Hardware-Aware Quantum Support Vector Machines

Abstract

Deploying quantum machine learning algorithms on near-term quantum hardware requires circuits that respect device-specific gate sets, connectivity constraints, and noise characteristics. We present a hardware-aware Neural Architecture Search (NAS) approach for designing quantum feature maps that are natively executable on IBM quantum processors without transpilation overhead.

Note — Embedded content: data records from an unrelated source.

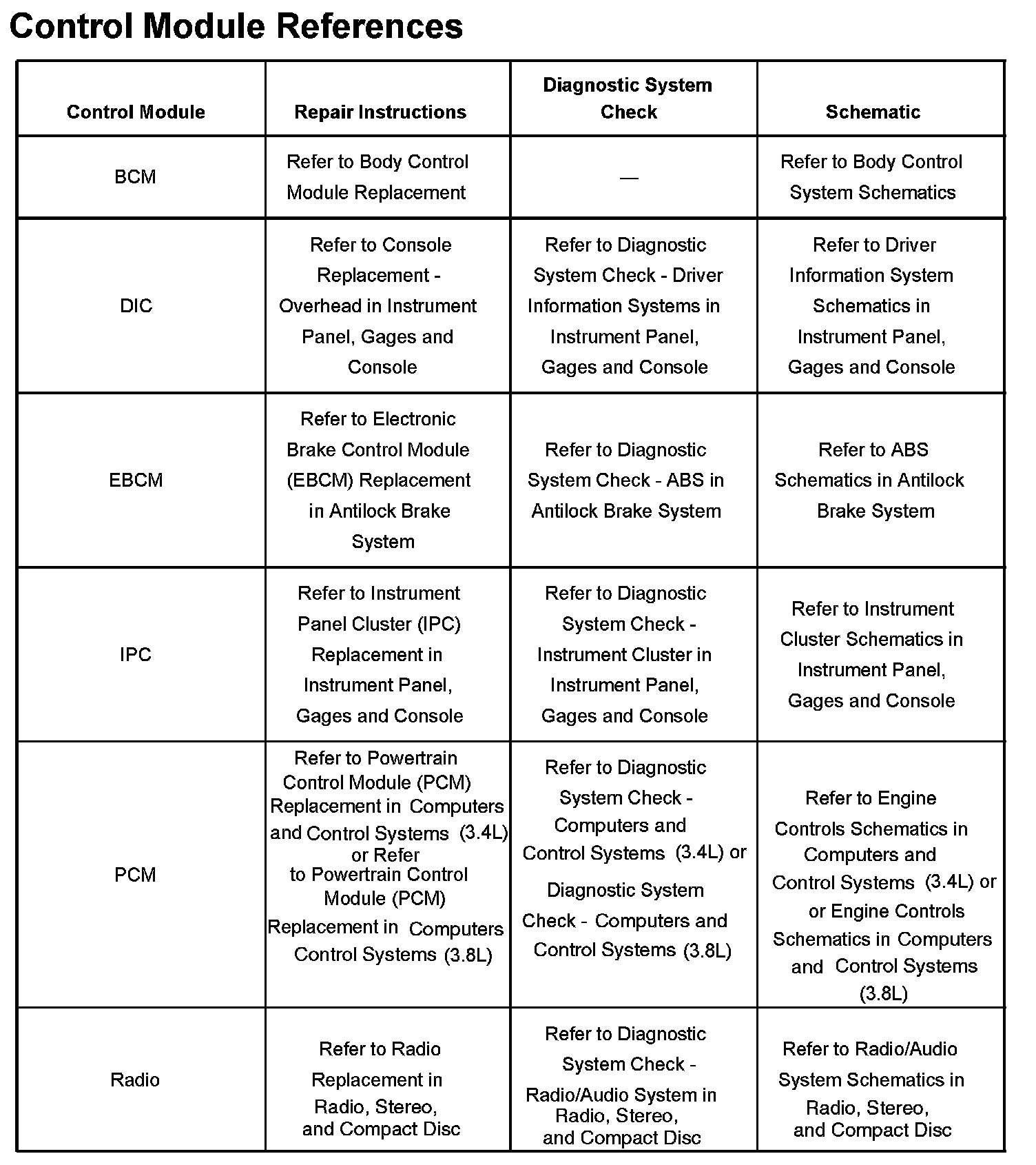 Control Module References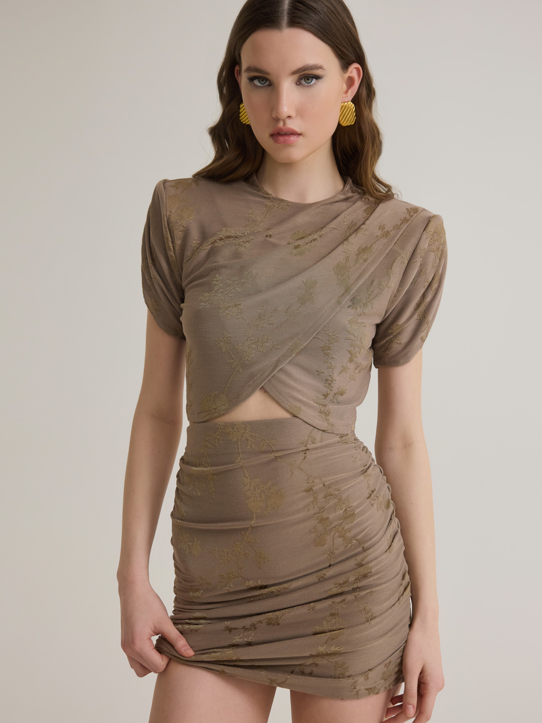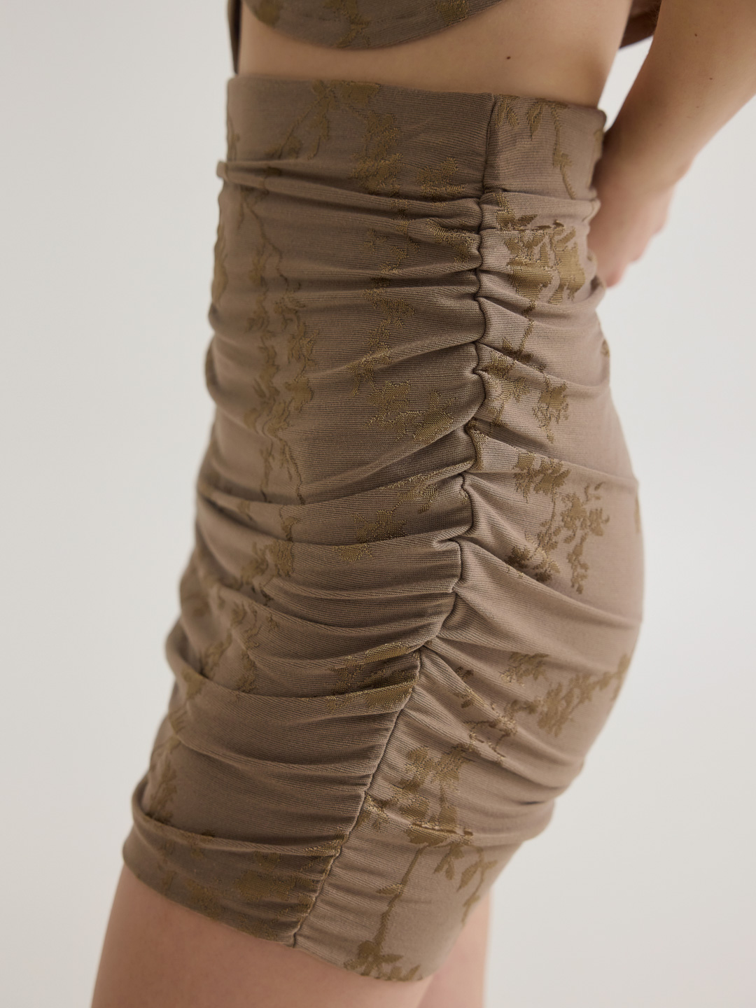 Η mini skirt SALVIA της SOLIA COLLECTION μπορεί να συνδυαστεί άψογα με το ΖΙΝΝΙΑ ντραπε top ή το PANSY κοντομάνικο top σε mocha .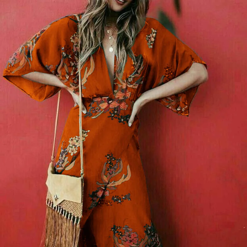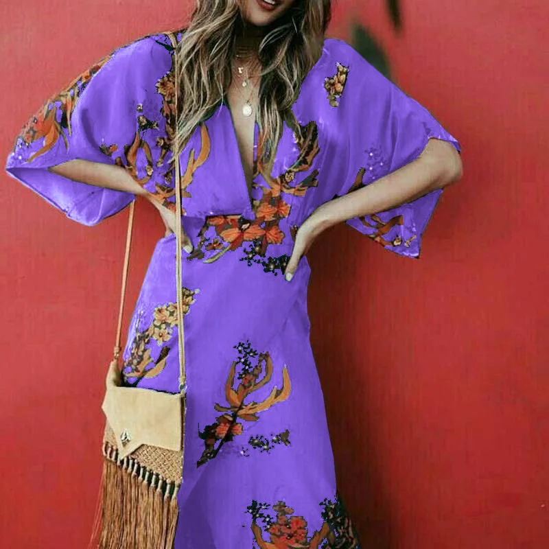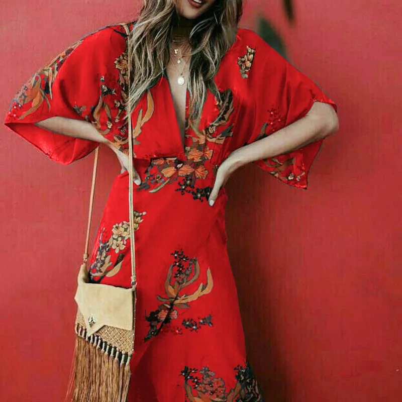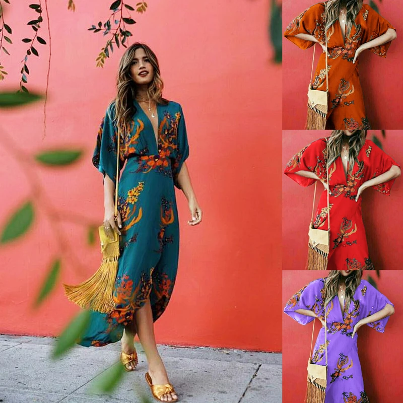 Женское длинное коктейльное платье в стиле бохо с цветочным принтом и v-образным вырезом, вечерние пляжные платья, сарафан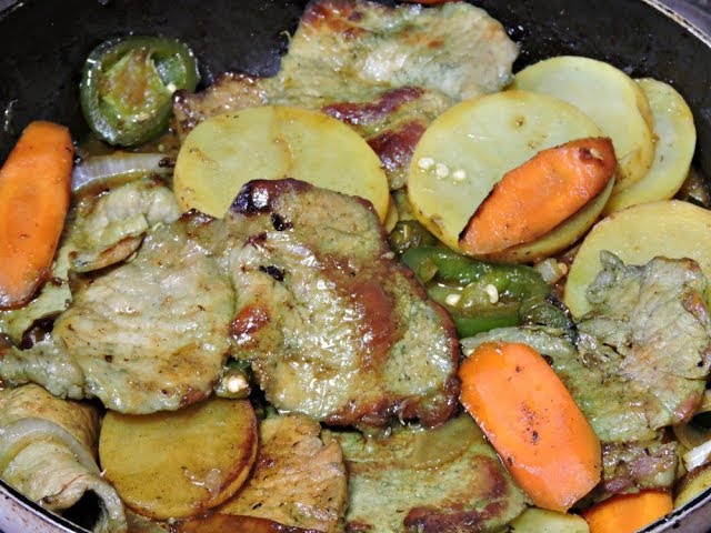Lomo con rajas en salsa verde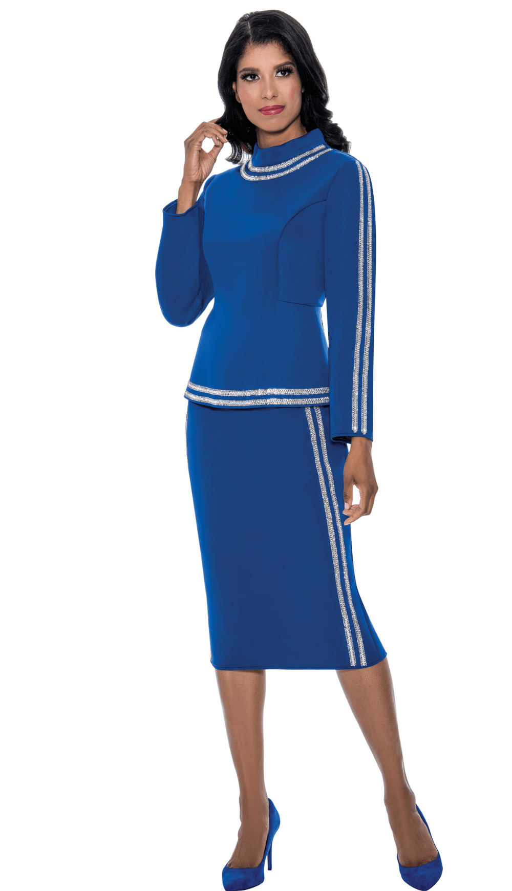 The suit features an exquisite trim detailing along the neckline, cuffs, and down the sides of the skirt, adding a touch of glamour without being ostentatious. Its thoughtful knee-length cut is conservatively stylish, ideal for a variety of formal occasions such as church services, weddings, or corporate events.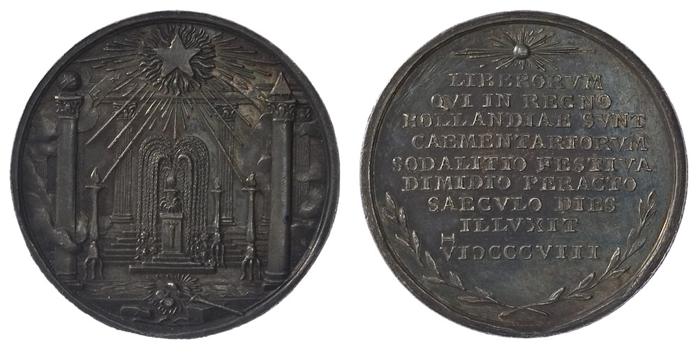 opschrift keerzijde: LIBERORVM / QVI IM REGNO / HOLLANDIAE SVNT / CAEMENTARIORVM / SODALITIO FESTIVA / DIMIDIO PERACTO / SAECVLO DIES / ILLVXIT / HVICCCCVIII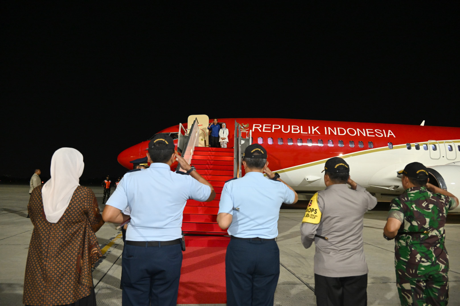 Maspolin.id|| Presiden Joko Widodo beserta Ibu Iriana Joko Widodo bertolak menuju Provinsi Jawa Timur guna melakukan kunjungan kerja. Pesawat Kepresidenan Indonesia-1 yang membawa Presiden Jokowi dan rombongan lepas landas dari Pangkalan TNI AU Halim Perdanakusuma, Jakarta, pada Kamis, 5 September 2024 sekitar pukul 19.00 WIB.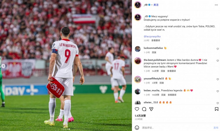 他也在赛后通过社媒晒出自己的比赛照,并深情告白:“拿下这场胜利!感谢看台上球迷们的热情支持!……如果能够重生,我仍然愿为你付出生命,波兰!”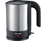 „... Benötigt für das Erhitzen von 1 l Wasser 3:59 min (maximale Leistung 1880 Watt). Vorsicht: Kanne wird sehr heiß, sie erreicht eine Außentemperatur von 90 Grad C. Achtung bei Kindern im Haushalt. Handhabung gut, aber Schrift der Bedienungsanleitung zu klein. Signallampe flimmert unangenehm. Relativ laut. Wasser ohne Fremdgeschmack.“

Using genetic algorithms to evolve circuit architectures constrained to IBM Torino native gates (ECR, RZ, SX, X), we demonstrate that automated architecture search can discover quantum Support Vector Machine (QSVM) feature maps achieving competitive performance while guaranteeing hardware compatibility. Evaluated on the UCI Breast Cancer Wisconsin dataset, our hardware-aware NAS discovers a 12-gate circuit using exclusively IBM native gates (6 ECR, 3 SX, 3 RZ) that achieves 91.23 % accuracy on 10 qubits-matching unconstrained gate search while requiring zero transpilation. This represents a 27 percentage point improvement over hand-crafted quantum feature maps (64 % accuracy) and approaches the classical RBF SVM baseline (93 %). We show that removing architectural constraints (fixed RZ placement) within hardware-aware search yields 3.5 percentage point gains, and that 100 % native gate usage eliminates decomposition errors that plague universal gate compilations. Our work demonstrates that hardware-aware NAS makes quantum kernel methods practically deployable on current noisy intermediate-scale quantum (NISQ) devices, with circuit architectures ready for immediate execution without modification.